• Приглашаем посетить наш сайт
    Иванов В.И. (ivanov.lit-info.ru)
  • Пути небесные
    Том I. XI. Прельщение

    XI

    Прельщение

    Все радостное, что для них открылось, освященное праздником Рождества, кипевшими в небе звездами, что должно было продолжаться и возрастать, – «вдруг замутилось, спуталось, обратилось в душевную тяготу и смуту», – рассказывал Виктор Алексеевич. И от такого, в сущности, пустяка: не пустили детей на елку. По страстной своей натуре он принял это как наглость и безобразие и решил завтра же ехать к адвокату, к обер-полицмейстеру, к самому генерал-губернатору Долгорукову, – «Дима Вагаев через крестного нее устроит, и барона Ритлингера подымем». Для него было неоспоримо ясно, что решительно все было за него: та его подло опозорила, в самой его квартире, с его подлецом-приятелем, напросившимся к ним в нахлебники, и есть свидетельница, горничная Груша, которая может под присягой… и теперь смеет издеваться, не пускает к нему детей.

    Виктор Алексеевич в законах не разбирался, с судами не возился, а исходил из чувства: оскорбленное чувство отца и мужа внушало ему бесспорно, что все решительно за него и – «все живо устроится». С этим внушением он проснулся поутру бодрый, как всегда после приступа мигрени, и первое, что подумал: «Немедленно отобрать детей!» Потянулся – и увидел, что Дариньки нет и нет на кресле ее капотика.

    В «посмертной записке к ближним» она писала:

    «Грех ее… – она никогда не называла ту – положил начало всякого зла и мук, а мой грех связал нас всех пятерых, неповинных детей считая, путами зла и скорби. По греху и страдание, по страданию и духовное возрастание, если с Господом. Слава Промышлению Твоему».

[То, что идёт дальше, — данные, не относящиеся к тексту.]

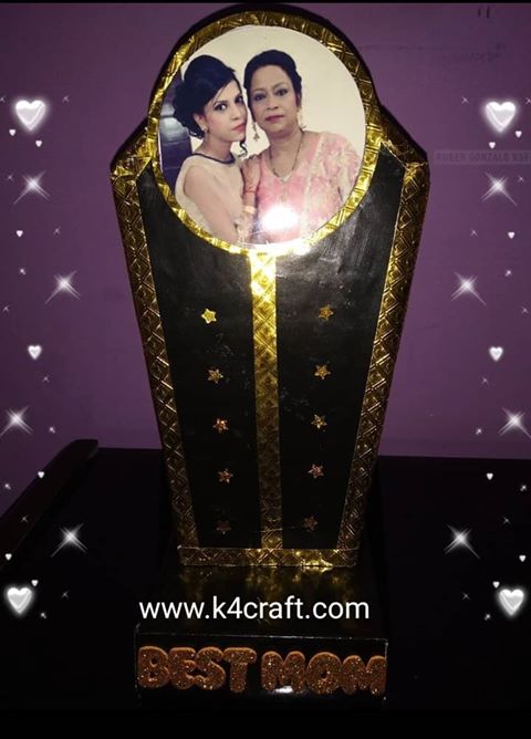 Procedure:- *Take a cardboard n draw a shape of trophy you wish * Cut out the trophy neatly *cover it with black sheet *Cut a strip of golden sheet & paste it * Decorate it with Stickers.

    В то памятное утро, второй день Рождества, Даринька поднялась чем свет: кукушка прокуковала 5. Забрав капотик, она вышла из спальни тенью и ушла в свою «келейку» – молиться. Она знала, как облегчает сердце Пречистая. Помнила и наставку матушки Агнии: «Не забывай, сероглазая моя, акафисточки править… слядкопевное слово всякую горечь покрывает, я светоносное слово всякую темноту осветит».

    Окна еще и не синели. Проходя со свечой по залу, Даринька увидела елку, – и остро кольнуло сердце. Елка казалась спящей, тускло светилась позолота. «Для кого?..» – подумала скорбно Даринька. Розово-нежный ангел взирал на небо. Свечки зыбко клонились, белели усиками светилен, ждали. Голубая боярышня томно спала в коробке, а гусарчик без головы мертво стоял над ней. Даринька вспомнила про головку в конфетной чашечке, вспомнила-увидала его глаза, и ей стало тревожно, стыдно. Увидала белевшие цветы, склонилась к ним, позабыв про свечку… С шумом упала свечка, плохо вставленная в подсвечник, и розетка разбилась вдребезги.

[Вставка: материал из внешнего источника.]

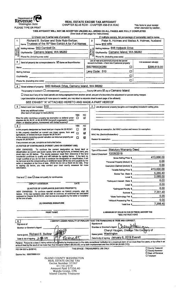 | Mailing Address: | MELISA A HOLMES 848 HOLBECK DR CAMANO ISLAND, WA 98282 | % Ownership: | 100.0000000000% |
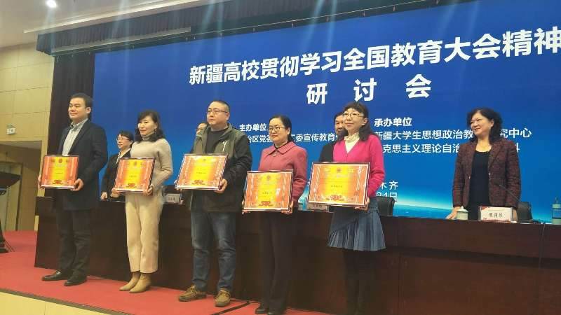 近期,为深入学习贯彻习近平新时代中国特色社会主义思想和全国教育大会精神,总结改革40年来高校思想政治教育工作取得的成就,自治区大学生思想政治教育研究中心面向全区高校思想政治教育工作者征集了124篇理论研究论文。经过论文重复率检测35%以内、专家政治审读、匿名函评和会评等环节,评出一等奖12篇;二等奖16篇;三等奖20篇;优秀奖34篇;优秀组织奖5个。其中马克思主义学院喜获二等奖1篇;三等奖6篇;优秀奖6篇,共获奖13篇,同时取得优秀组织奖。11月24日,我院获奖教师在新疆师范大学参加表彰大会。
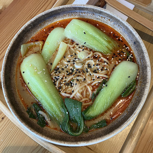 I ordered the Sichuan dumplings (warm and slightly spicy) and a green red bean milk tea. My partner ordered an original Bing and a pineapple bubble tea. The bing was crunchy and contained a very fresh salad with a delicious dressing. We sat for a while and enjoyed the meal while watching the people go by.

    В «келейке» было жарко, теплились голубые и синие лампадки, прыгали на обоях зайчики, ловили птичек. Щурясь, Даринька задумалась, устало, нежно прошло улыбкой. Открыла глаза и огляделась: птички и зайчики резвились, – в «детской» всегда такое, птички и зайчики. Приоткрыла сиреневый капотик, поглядела на кружево сорочки, оправила поясок с молитвой, вчера надетый: горько сложила руки и вздохнула. Птички и зайчики… Долго взирала на иконы, молящим взглядом.

    …«Радуйся, светило незаходящего Света… Радуйся, Звезда, являющая Солнце… Радуйся… заря таинственного дня… Радуйся… рыбарские мережи исполняющая…»

    На полном свете Даринька возвращалась залой. Увидела проснувшуюся елку, всю в серебре и золоте, с наклонившимся друг к дружке свечками, с ангелом в снежном блеске… пышные белые цветы, глазевшие на нее греховно, подошла и склонилась к ним… – и хрупнула под ногой розетка. Даринька подняла сломанную свечку, взяла щетку и подмела. Думала, подметая, стараясь не зацепить гусарчика, что вчера не было у них праздника… – и ей захотелось ласки, до вожделения.

    Вспоминая свои грехи, Дарья Ивановна не щадила себя, писала:

    «Каюсь, что не только одно желание иметь дитя принуждало меня жить плотски, а и потакание вожделению. Если я не погибла, это не моя заслуга, а от предстательства за меня светлопоминаемой матушки Агнии. В самый тот день, другой день Рождества Христова, явление было мне знамение сего».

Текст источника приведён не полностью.